• Work required:
Reproduce the data exactly as given, except for any images.

• Recorded data:
———

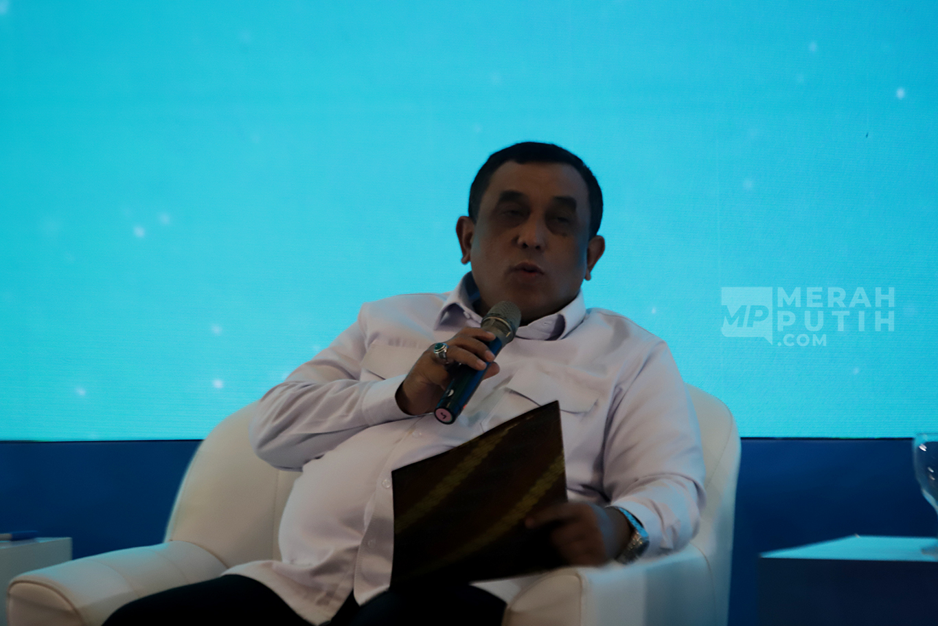 Merahputih.com - Deputi Promosi dan Kerja Sama Badan Gizi Nasional (BGN), Nyoto Suwignyo (kedua kanan) memberikan pemaparan dalam Diskusi Bahas Rantai Pasok Pangan Bergizi di Tangerang Selatan, Senin (24/11/2025).
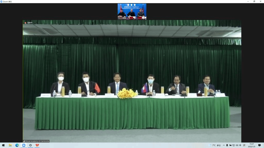 1月5日下午,柬埔寨皇家科学院孔子学院2021年理事会会议通过视频会议举行。校长陈小林,副校长杨耀防,柬埔寨皇家科学院院长Sok Touch(宋独)、秘书长Yang Peou(杨博)等参加了会议。会议由杨耀防主持。
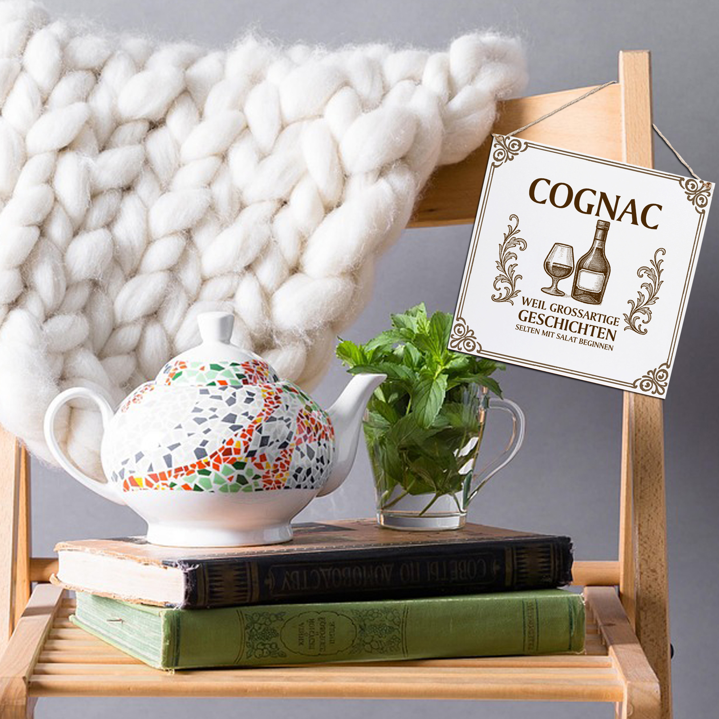Dekoschild Cognac grossartige Geschichten 15×15 cm aus weißem HDF – Graviertes Spruchschild

———

• Answer to the problem:
 Merahputih.com - Deputi Promosi dan Kerja Sama Badan Gizi Nasional (BGN), Nyoto Suwignyo (kedua kanan) memberikan pemaparan dalam Diskusi Bahas Rantai Pasok Pangan Bergizi di Tangerang Selatan, Senin (24/11/2025).
 1月5日下午,柬埔寨皇家科学院孔子学院2021年理事会会议通过视频会议举行。校长陈小林,副校长杨耀防,柬埔寨皇家科学院院长Sok Touch(宋独)、秘书长Yang Peou(杨博)等参加了会议。会议由杨耀防主持。
Dekoschild Cognac grossartige Geschichten 15×15 cm aus weißem HDF – Graviertes Spruchschild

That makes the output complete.